Exercise details: Reproduce the data exactly and drop any pictures it holds.

Source data:
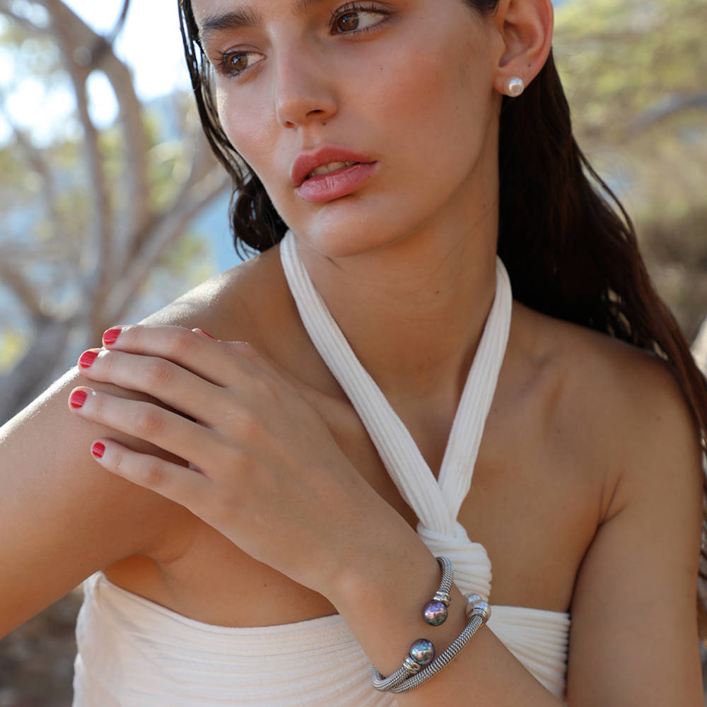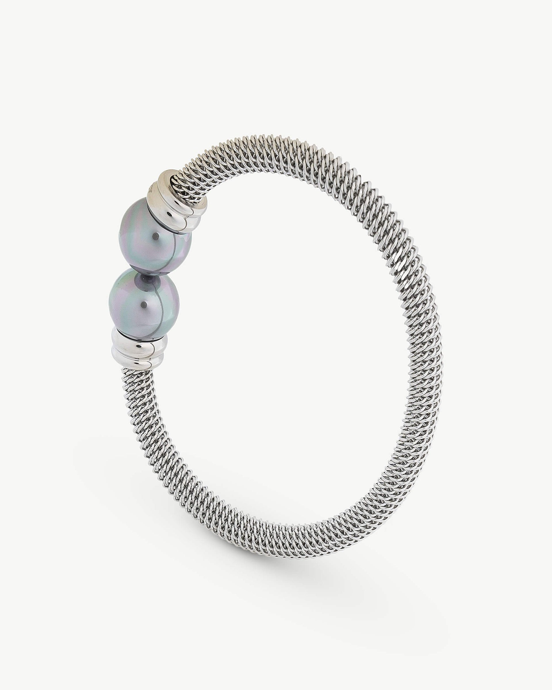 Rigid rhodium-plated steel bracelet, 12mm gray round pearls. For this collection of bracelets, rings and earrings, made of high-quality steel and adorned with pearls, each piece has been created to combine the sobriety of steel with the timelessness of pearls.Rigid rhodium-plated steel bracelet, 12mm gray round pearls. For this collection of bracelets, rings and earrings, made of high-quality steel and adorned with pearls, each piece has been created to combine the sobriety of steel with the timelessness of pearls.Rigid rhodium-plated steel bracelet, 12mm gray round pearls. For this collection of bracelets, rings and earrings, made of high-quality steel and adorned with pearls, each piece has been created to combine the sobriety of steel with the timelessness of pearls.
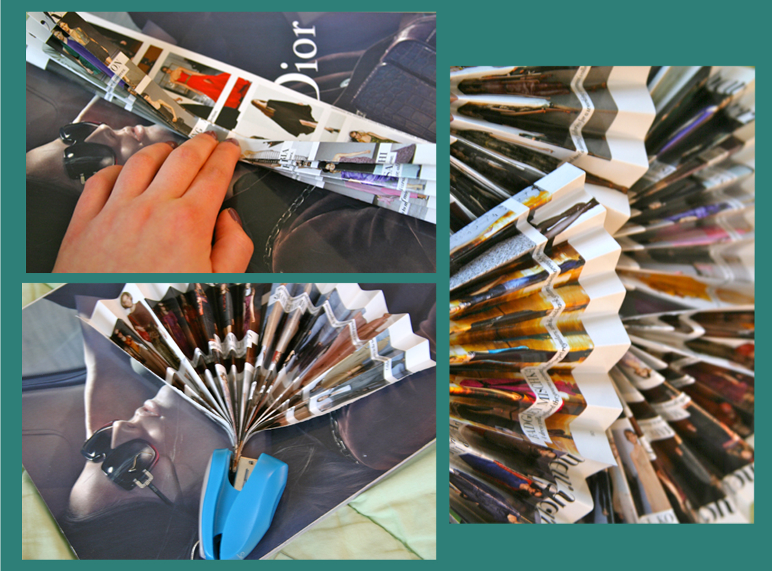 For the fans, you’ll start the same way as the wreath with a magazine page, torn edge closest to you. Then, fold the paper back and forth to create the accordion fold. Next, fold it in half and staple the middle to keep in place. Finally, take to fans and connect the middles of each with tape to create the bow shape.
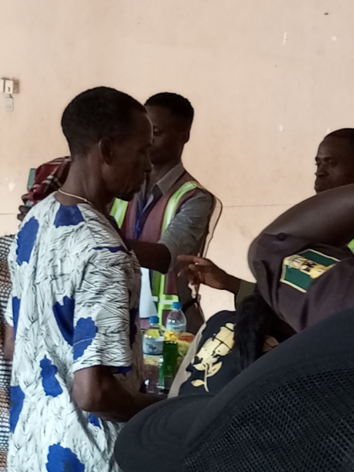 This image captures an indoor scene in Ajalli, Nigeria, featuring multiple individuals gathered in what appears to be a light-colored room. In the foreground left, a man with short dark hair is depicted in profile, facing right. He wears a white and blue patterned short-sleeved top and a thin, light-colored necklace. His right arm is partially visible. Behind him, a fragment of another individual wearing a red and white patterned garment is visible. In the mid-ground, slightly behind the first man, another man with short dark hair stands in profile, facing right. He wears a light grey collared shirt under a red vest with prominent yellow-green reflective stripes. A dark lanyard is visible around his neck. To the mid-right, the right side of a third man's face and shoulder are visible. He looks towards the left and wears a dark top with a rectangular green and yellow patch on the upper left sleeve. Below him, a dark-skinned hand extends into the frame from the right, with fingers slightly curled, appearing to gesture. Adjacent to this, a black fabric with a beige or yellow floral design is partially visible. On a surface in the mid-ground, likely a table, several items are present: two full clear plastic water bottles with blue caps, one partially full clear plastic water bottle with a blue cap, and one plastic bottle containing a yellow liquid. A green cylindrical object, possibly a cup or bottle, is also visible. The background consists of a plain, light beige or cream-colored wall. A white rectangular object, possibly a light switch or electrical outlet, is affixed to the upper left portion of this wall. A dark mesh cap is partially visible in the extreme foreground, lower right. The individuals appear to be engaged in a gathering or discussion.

Reply:
 Rigid rhodium-plated steel bracelet, 12mm gray round pearls. For this collection of bracelets, rings and earrings, made of high-quality steel and adorned with pearls, each piece has been created to combine the sobriety of steel with the timelessness of pearls.Rigid rhodium-plated steel bracelet, 12mm gray round pearls. For this collection of bracelets, rings and earrings, made of high-quality steel and adorned with pearls, each piece has been created to combine the sobriety of steel with the timelessness of pearls.Rigid rhodium-plated steel bracelet, 12mm gray round pearls. For this collection of bracelets, rings and earrings, made of high-quality steel and adorned with pearls, each piece has been created to combine the sobriety of steel with the timelessness of pearls.
 For the fans, you’ll start the same way as the wreath with a magazine page, torn edge closest to you. Then, fold the paper back and forth to create the accordion fold. Next, fold it in half and staple the middle to keep in place. Finally, take to fans and connect the middles of each with tape to create the bow shape.
 This image captures an indoor scene in Ajalli, Nigeria, featuring multiple individuals gathered in what appears to be a light-colored room. In the foreground left, a man with short dark hair is depicted in profile, facing right. He wears a white and blue patterned short-sleeved top and a thin, light-colored necklace. His right arm is partially visible. Behind him, a fragment of another individual wearing a red and white patterned garment is visible. In the mid-ground, slightly behind the first man, another man with short dark hair stands in profile, facing right. He wears a light grey collared shirt under a red vest with prominent yellow-green reflective stripes. A dark lanyard is visible around his neck. To the mid-right, the right side of a third man's face and shoulder are visible. He looks towards the left and wears a dark top with a rectangular green and yellow patch on the upper left sleeve. Below him, a dark-skinned hand extends into the frame from the right, with fingers slightly curled, appearing to gesture. Adjacent to this, a black fabric with a beige or yellow floral design is partially visible. On a surface in the mid-ground, likely a table, several items are present: two full clear plastic water bottles with blue caps, one partially full clear plastic water bottle with a blue cap, and one plastic bottle containing a yellow liquid. A green cylindrical object, possibly a cup or bottle, is also visible. The background consists of a plain, light beige or cream-colored wall. A white rectangular object, possibly a light switch or electrical outlet, is affixed to the upper left portion of this wall. A dark mesh cap is partially visible in the extreme foreground, lower right. The individuals appear to be engaged in a gathering or discussion.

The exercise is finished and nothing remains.